American philosopher (born 1943)

Andrew Feenberg (born 1943) is an American philosopher. He holds the Canada Research Chair in the Philosophy of Technology in the School of Communication at Simon Fraser University in Vancouver. His main interests are philosophy of technology, continental philosophy, critique of technology and science and technology studies.

==Education==
Feenberg studied philosophy under Herbert Marcuse at the University of California, San Diego and was awarded his PhD in 1972. During this time Feenberg was active in the New Left, founding a journal entitled Alternatives and participating in the May '68 events in Paris.

==Philosophy==
===Technology===
Compared to his predecessors in philosophy of technology, such as Martin Heidegger and Jacques Ellul who have a dystopian view of technology, Feenberg's view is positive even though critical. For Heidegger and Ellul technology affects people's life but is for the most part beyond their control. For Feenberg technology and society influence each other. He separates himself from the instrumentalists who view technology merely as instruments which are within humans' full control.

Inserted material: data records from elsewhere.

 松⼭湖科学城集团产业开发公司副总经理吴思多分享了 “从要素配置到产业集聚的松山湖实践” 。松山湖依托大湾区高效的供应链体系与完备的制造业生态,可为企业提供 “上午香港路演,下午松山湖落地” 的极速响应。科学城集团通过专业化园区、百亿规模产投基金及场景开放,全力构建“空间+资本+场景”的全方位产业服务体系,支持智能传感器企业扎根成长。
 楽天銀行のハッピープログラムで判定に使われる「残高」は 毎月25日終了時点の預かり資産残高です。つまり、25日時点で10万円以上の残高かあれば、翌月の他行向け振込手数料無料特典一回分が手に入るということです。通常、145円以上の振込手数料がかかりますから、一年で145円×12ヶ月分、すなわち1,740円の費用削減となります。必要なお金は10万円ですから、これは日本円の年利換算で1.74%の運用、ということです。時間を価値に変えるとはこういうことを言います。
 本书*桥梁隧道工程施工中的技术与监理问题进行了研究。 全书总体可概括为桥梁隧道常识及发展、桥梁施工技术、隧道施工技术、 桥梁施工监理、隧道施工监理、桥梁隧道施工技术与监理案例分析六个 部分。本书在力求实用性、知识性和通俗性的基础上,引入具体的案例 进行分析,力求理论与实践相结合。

Feenberg's primary contribution to the philosophy of technology is his argument for the democratic transformation of technology. From his book Transforming Technology,
"What human beings are and will become is decided in the shape of our tools no less than in the action of statesmen and political movements. The design of technology is thus an ontological decision fraught with political consequences. The exclusion of the vast majority from participation in this decision is profoundly undemocratic" (p.3).
Feenberg provides the theoretical foundation for this idea through the Critical Theory of Technology which he develops over three books: The Critical Theory of Technology (1991) (re-published as Transforming Technology: A Critical Theory Revisited [2002]), Alternative Modernity: The Technical Turn in Philosophy and Social Theory (1995), and Questioning Technology (1999). The basis of Feenberg's critical theory of technology is a concept of dialectical technological rationality he terms instrumentalization theory. Instrumentalization theory combines the social critique of technology familiar from the philosophy of technology (Karl Marx, Herbert Marcuse, Martin Heidegger, Jacques Ellul) with insights taken from the empirical case studies of science and technology studies. Applications of his theory include studies of online education, the Minitel, the Internet, and digital games.

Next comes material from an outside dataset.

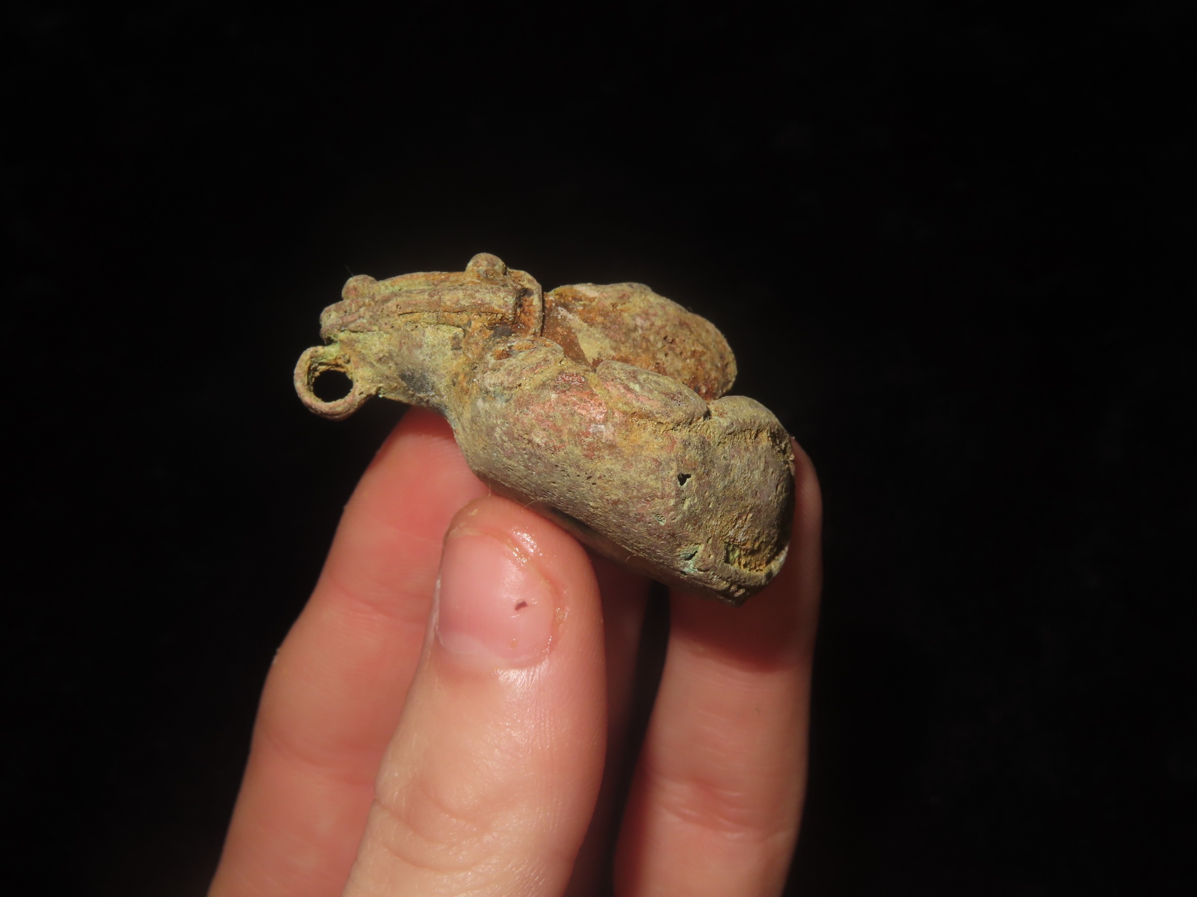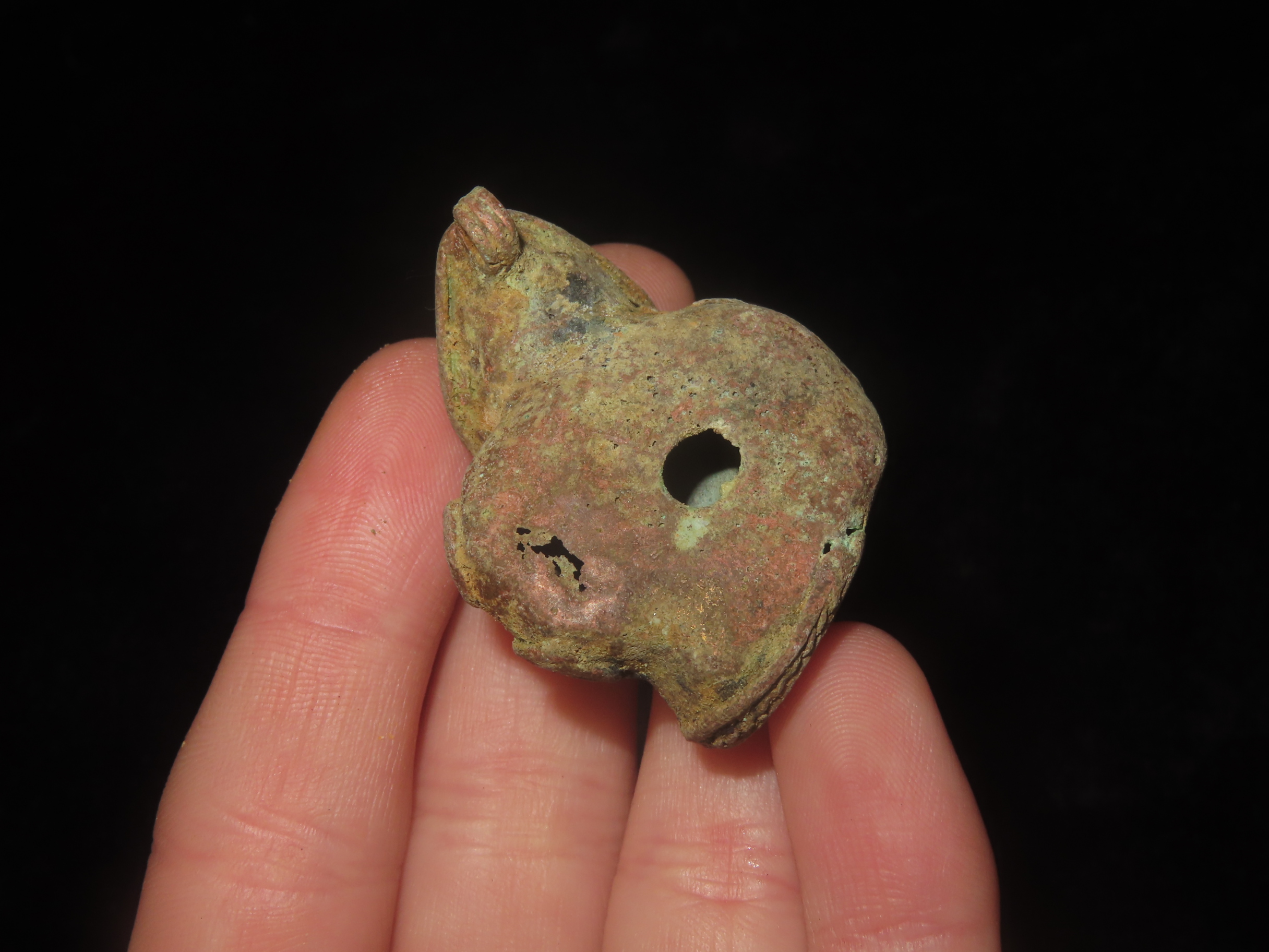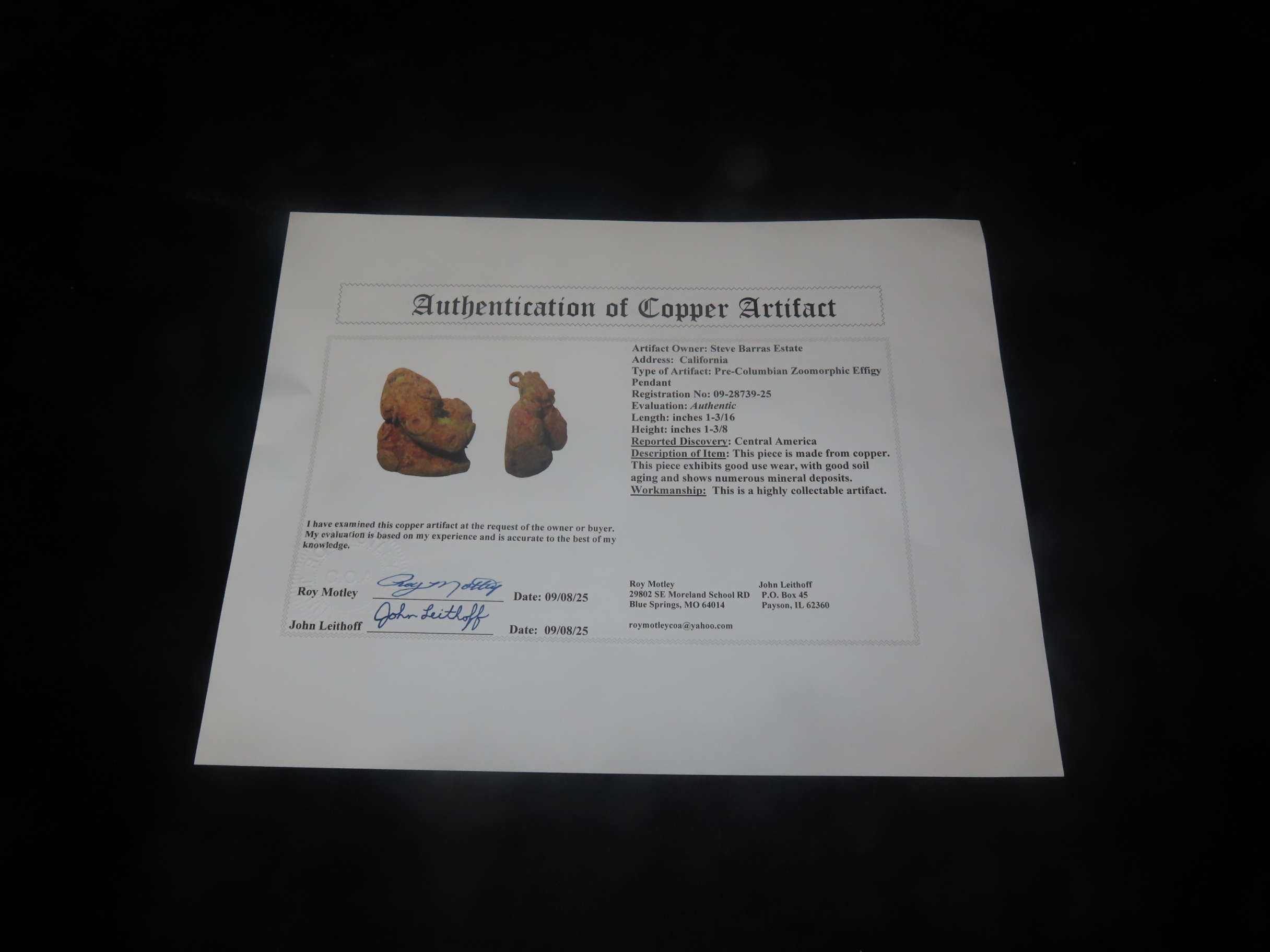 1 3/16″ x 1 3/8″ Pre-Columbian Zoomorphic Effigy Pendant, Motley COA, found in Central America, Ex Steve Barras Estate Collection

===Democratic rationalization===
Democratic rationalization is term used by Feenberg in his article "Subversive Rationalization: Technology, Power and Democracy with technology." Feenberg argues against the idea of technological determinism citing flaws in its two fundamental theses. The first is the thesis of unilinear progress. This is the belief that technological progress follows a direct and predictable path from lower to higher levels of complexity and that each stage along this path is necessary for progress to occur.

The second is the thesis of determination by the base. This is the concept that in a society where a technology had been introduced, that society must organize itself or adapt to the technology (Feenberg 211). In his argument against the former thesis Feenberg says that constructivist studies of technology will lead us to realize that there is not a set path by which development of technologies occur but rather an emerging of similar technologies at the same time leading to a multiplicity of choices. These choices are made based upon certain social factors and upon examining them we will see that they are not deterministic in nature.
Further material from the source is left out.